Présentée au Salon de Détroit 1995, la Chrysler Atlantic voulait être la lettre d’amour de Detroit à la Bugatti Type 57SC Atlantic, son huit cylindres 3,3 litres d’environ 200 ch et son raffinement mécanique. Selon Wikipédia, Chrysler a pourtant choisi un 4,0 litres en ligne d’environ 360 ch obtenu en mariant deux moteurs 2,0 litres de Dodge Neon. Ce grand écart entre style aristocratique et mécanique de voiture populaire reste l’un des paradoxes les plus fascinants de l’histoire des concept-cars.

Chrysler Atlantic, la “Bugatti” américaine née d’un voyage en Europe

Selon Motor1, l’idée naît en 1993 quand Bob Lutz, alors patron de Chrysler, et Tom Gale, responsable du design, reviennent d’un passage au salon de Francfort puis d’un concours d’élégance à Paris.
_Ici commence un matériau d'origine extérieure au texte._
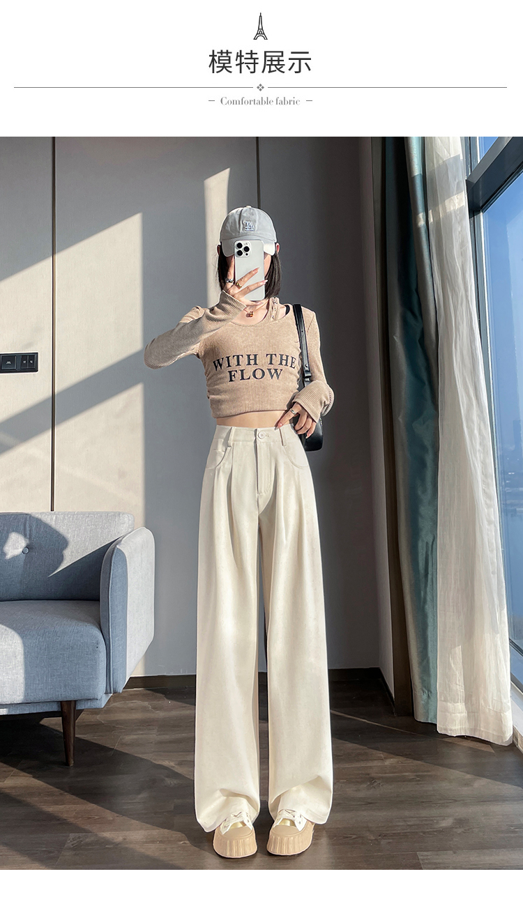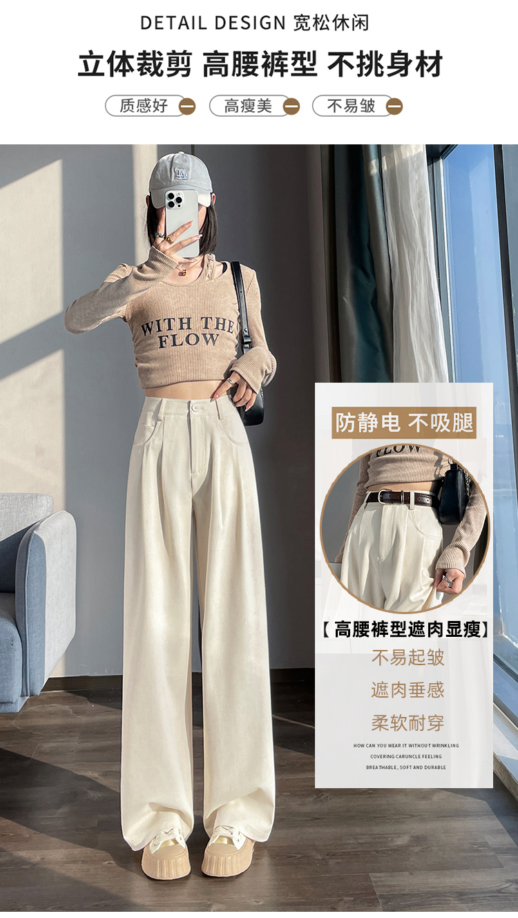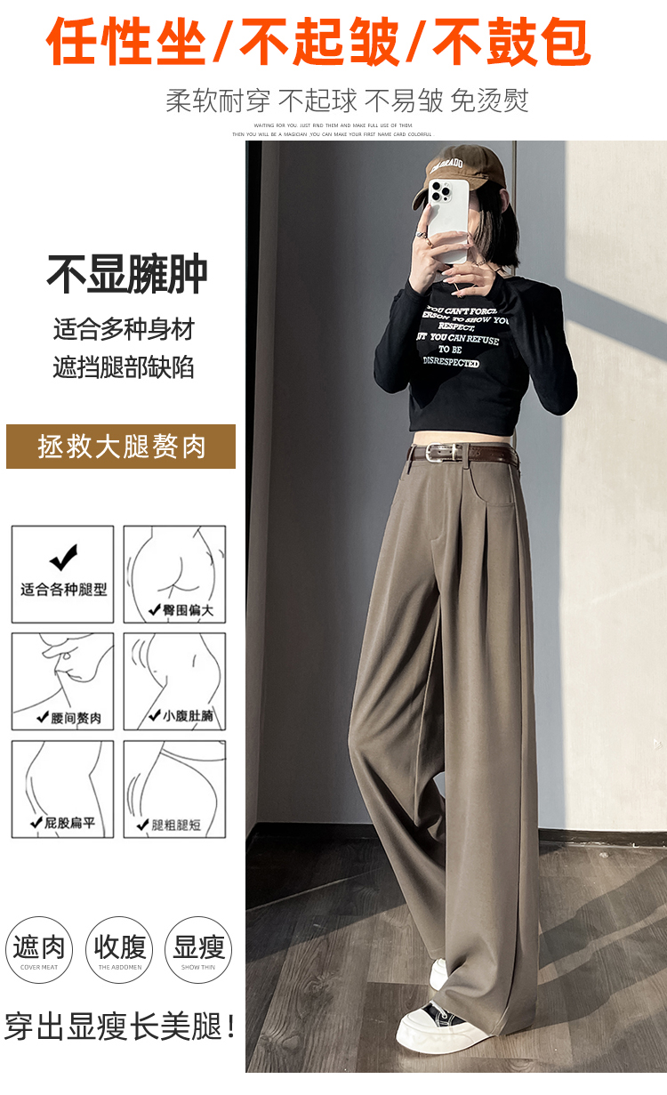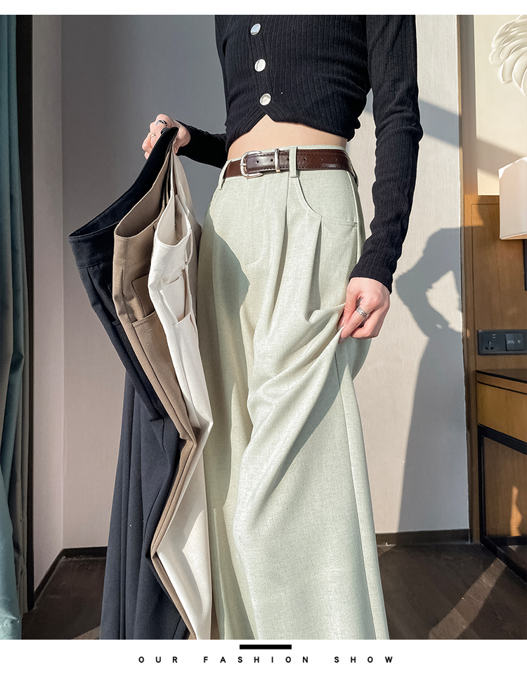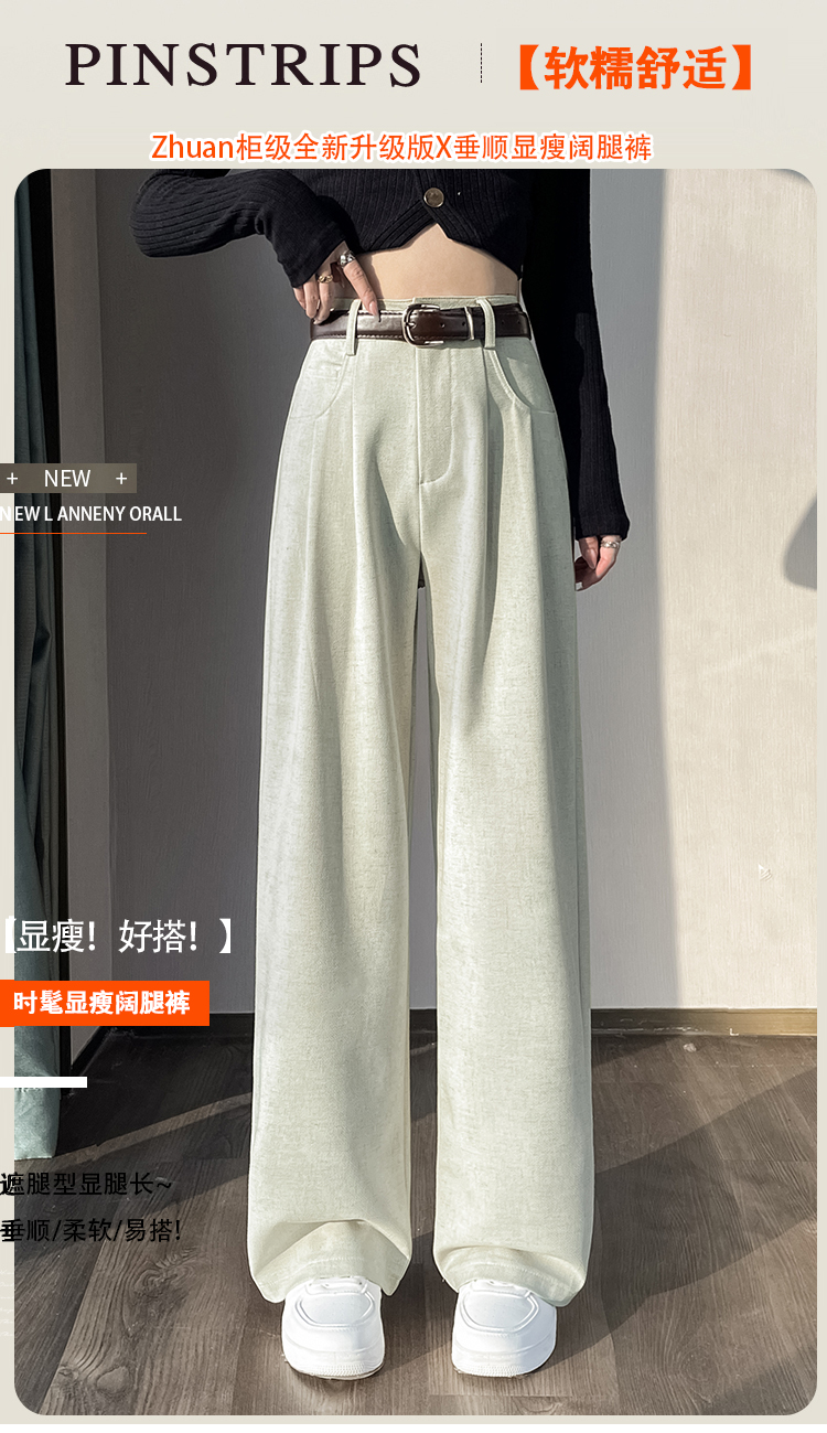 RY1316# 实拍2026春夏新款 麻料时尚高腰百搭宽松显瘦直筒拖地休闲阔腿裤

Séduits par les Bugatti, Talbot-Lago et autres GT françaises, ils donnent carte blanche à leurs équipes. Bob Lutz griffonne même une silhouette sur une serviette, base du futur coupé 2+2 néo-rétro.

Le dessin final est signé Bob Hubbach. La carrosserie reprend la nervure centrale façon Bugatti Type 57SC Atlantic, un capot interminable et des ailes arrière en goutte d’eau qui évoquent aussi la Talbot-Lago T150-C SS. Motor1 rappelle que l’Atlantic reçoit d’énormes roues de 21 pouces à l’avant et 22 pouces à l’arrière, et un intérieur art déco bicolore, très années 30 dans l’esprit même si la planche de bord reste typique des années 90.

Un dessin de Bugatti Type 57SC, un moteur bricolé de Neon

Sur le plan technique, Wikipédia décrit un huit cylindres en ligne de 4,0 litres construit en joignant bout à bout deux quatre cylindres 2,0 litres de Dodge Neon de 1994. Le résultat délivre environ 360 ch, une puissance supérieure à la Bugatti originale mais obtenue par une solution très pragmatique, presque de laboratoire, loin du noble huit cylindres double arbre et suralimenté de Molsheim.

Motor1 précise que la Chrysler Atlantic repose sur une plateforme de Dodge Viper modifiée, avec une boîte automatique quatre rapports de Chrysler LHS installée en transaxle à l’arrière via un tube de couple. La voiture roule vraiment, même si sa structure reste fragile. Selon le site Below The Radar, le journaliste John McCormick, qui l’a essayée pour Autocar, ne ménage pas le moteur : "Mon appréciation grandissante pour la voiture vole en éclats quand le huit cylindres en ligne de quatre litres démarre", explique John McCormick. "Créé en joignant deux humbles quatre cylindres Neon deux litres 16 soupapes, le moteur semble suffisamment puissant au ralenti, mais dès que le régime monte, une horrible cacophonie aboyante prend le dessus".

Ce que le moteur Neon de la Chrysler Atlantic raconte des années 1990

Face à la vraie Bugatti Type 57SC Atlantic, coupé de 1936 capable d’approcher 200 km/h avec environ 200 ch, l’hommage de Chrysler illustre un contraste typique des années 90 : un design spectaculaire, très coûteux à fabriquer, posé sur un assemblage mécanique issu du catalogue maison. Selon Motor1, malgré ses 360 ch, l’Atlantic n’est pas vraiment rapide, la boîte auto et les immenses roues étouffant les performances.

L’unique exemplaire de la Chrysler Atlantic appartient aujourd’hui à la collection historique Stellantis et ressort parfois en concours. Pour beaucoup de passionnés, c’est l’un des plus beaux concept-cars des années 1990, mais son huit cylindres en ligne fait de deux moteurs de Neon reste le symbole d’un hommage à Bugatti où l’image a clairement pris le pas sur la noblesse mécanique.